2. Some use a tool made up of sandpaper on a rod and in a drill. Insert and spin to clean up the inside. Then clean with the alcohol.
3. I like epoxy with carbon
4. Like N&B said on dabs of glue on edges... but I recommend always putting a small dab of glue on the leading edge of the feathers or vanes. This helps them resist being torn off.
5. I recommend use of nock bushing or pin bushings. If you use weight, do not glue in but use cellophane to “bind” them in. This is so you can remove to add/ remove weight.
6. Axis are small dia. so do not go nuts with large offsets, mimic what the factory does as this works fine.
7. Sawing: Do not force and rotate. At first you can get a proshop to cut them for you I think.

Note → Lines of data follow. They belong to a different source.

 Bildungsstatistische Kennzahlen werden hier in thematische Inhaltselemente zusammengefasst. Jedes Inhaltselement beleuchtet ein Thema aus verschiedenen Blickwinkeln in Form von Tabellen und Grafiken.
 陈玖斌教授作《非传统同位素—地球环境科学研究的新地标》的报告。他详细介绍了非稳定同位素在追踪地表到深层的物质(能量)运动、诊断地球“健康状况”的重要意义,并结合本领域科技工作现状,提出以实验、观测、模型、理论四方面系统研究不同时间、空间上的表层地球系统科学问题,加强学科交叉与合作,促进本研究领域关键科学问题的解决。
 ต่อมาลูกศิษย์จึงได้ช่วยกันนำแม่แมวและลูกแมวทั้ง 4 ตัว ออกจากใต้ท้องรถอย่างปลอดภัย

8. Get a good scale that measure about up to 600 to 1,000 grains, and use that once you get going.. At first you do not REALLY need, but once you get anal… you will.

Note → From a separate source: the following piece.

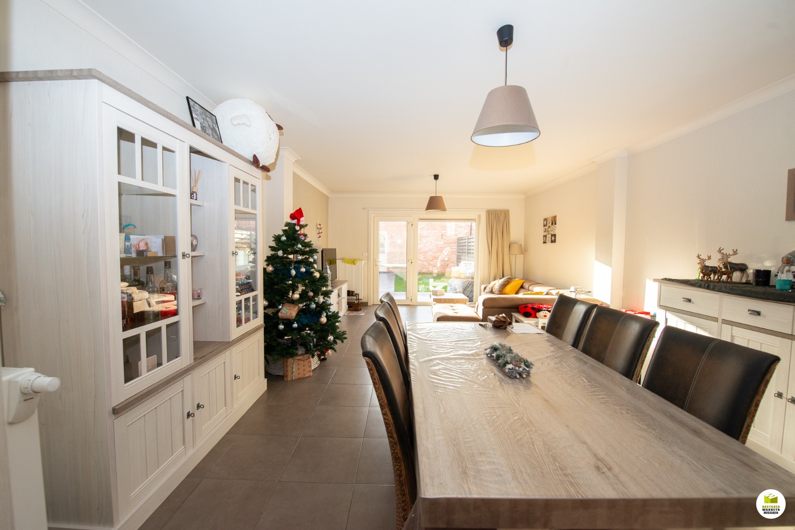 De keuken is ingericht met vaatwas, dampkap, vaatwas, warme luchtoven. De achtergevel is helemaal in glas en via een een achterdeur komen we in de tuin met aangelegd terras (15m2) en is voorzien van een automatische zonneluifel. Toegang naar de 2 garages gaat gemakkelijk via een tuinpad.

9. Go to, “the archer’s friend” web site. They did have a good how to on arrows.
10. By the way, the archer’s friend has pretty good prices as well as great information for the new archer.
11. Also go to Gold tip, Easton, and Carbon Express web sites.. Easton has a great tech manual. Also read tips.
12. Some of the feather makers and blazer have some information as well.

BY the way.. I use a Jo Ann.. There are threads here on AT on tweaking it to get the most out of it.